The view from my hotel room
The transition from one country to another creates a doorway that closes when one arrives in a new destination, thus Singapore already feels more than a couple of days away. Travelling on the MTR - Hong Kong's underground system - with its open carriages down which one has a tunnel-like view that rises and falls and sways from side to side with the curves and dips and rises of the track like the slowly twitching tail of a gargantuan chrome lizard, similar journeys by the Singapore version - its MRT - feel to have occurred in some very "other" place.
I like Singapore and it was a very useful trip. I visited a number of friends and clients in their homes, there finding great hospitality and many good wines. One evening was watered with a rain of delicious white burgundy - the 2006 Chassagne-Montrachet from Philippe Colin - and cellar-aged Louis Roederer Brut Premier (the bottles stored for 7 years and absolutely delicious). On another occasion at one of those splendid old black-and-white houses, I hosted a relaxed tasting, showing Old and New World versions of Riesling, Chardonnay, Pinot Noir and Shiraz/Syrah, at least one of the bottles showing that Singapore stigmata, having been cooked at some stage during its lifetime.
Other days included a further excellent lunch at Mag's Kitchen and an evening meal of that fine East Coast chilli crab, followed by a pudding of Eton mess and 2002 Doisy-Vedrines in my hosts' appartment, the wine medium-sweet with a burnt edge and very satisfying.
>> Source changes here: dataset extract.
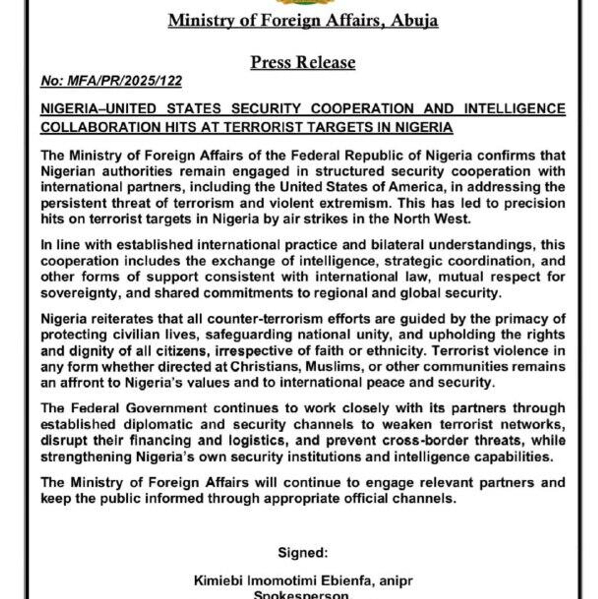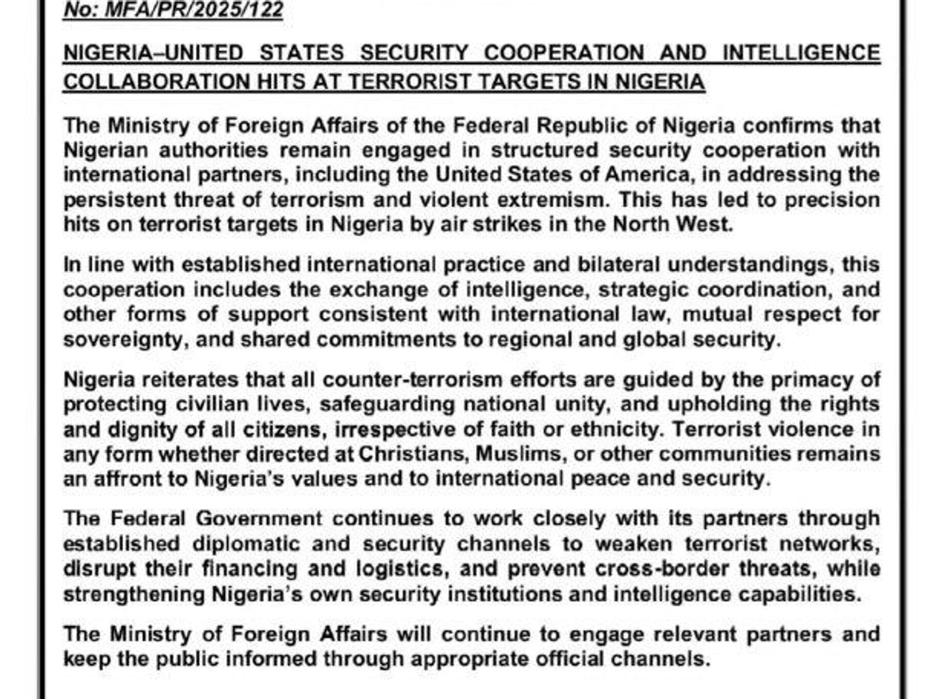 Les autorités du pays "continuent de s’engager dans une coopération structurée en matière de sécurité avec leurs partenaires internationaux, notamment les États-Unis", a écrit le ministère nigérian des Affaires étrangères dans un communiqué du 26 décembre.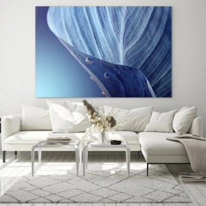 Cuadro sobre vidrio - Impresiones sobre Vidrio - Una hoja azul con gotas de agua visibles. - 70x100cm - Gotas ocultas de azul - Decoración de pared moderna para salón y dormitorio ARTTOR

My last night I enjoyed some of the finest Indian food I've ever had in Singapore - very cheap, very delicious - somewhere up the Bukit Timah Road.
Hong Kong has been showing itself off. The air has been wonderfully clear, the views long and the sun bouncing around the harbour like a pinball. I am, of course, eating extremely well and drinking wines that have, thus far, majored on the vineyards of Italy.
Sleeping patterns still not normalised. Enjoying Stieg Larsson. If you haven't read them, do.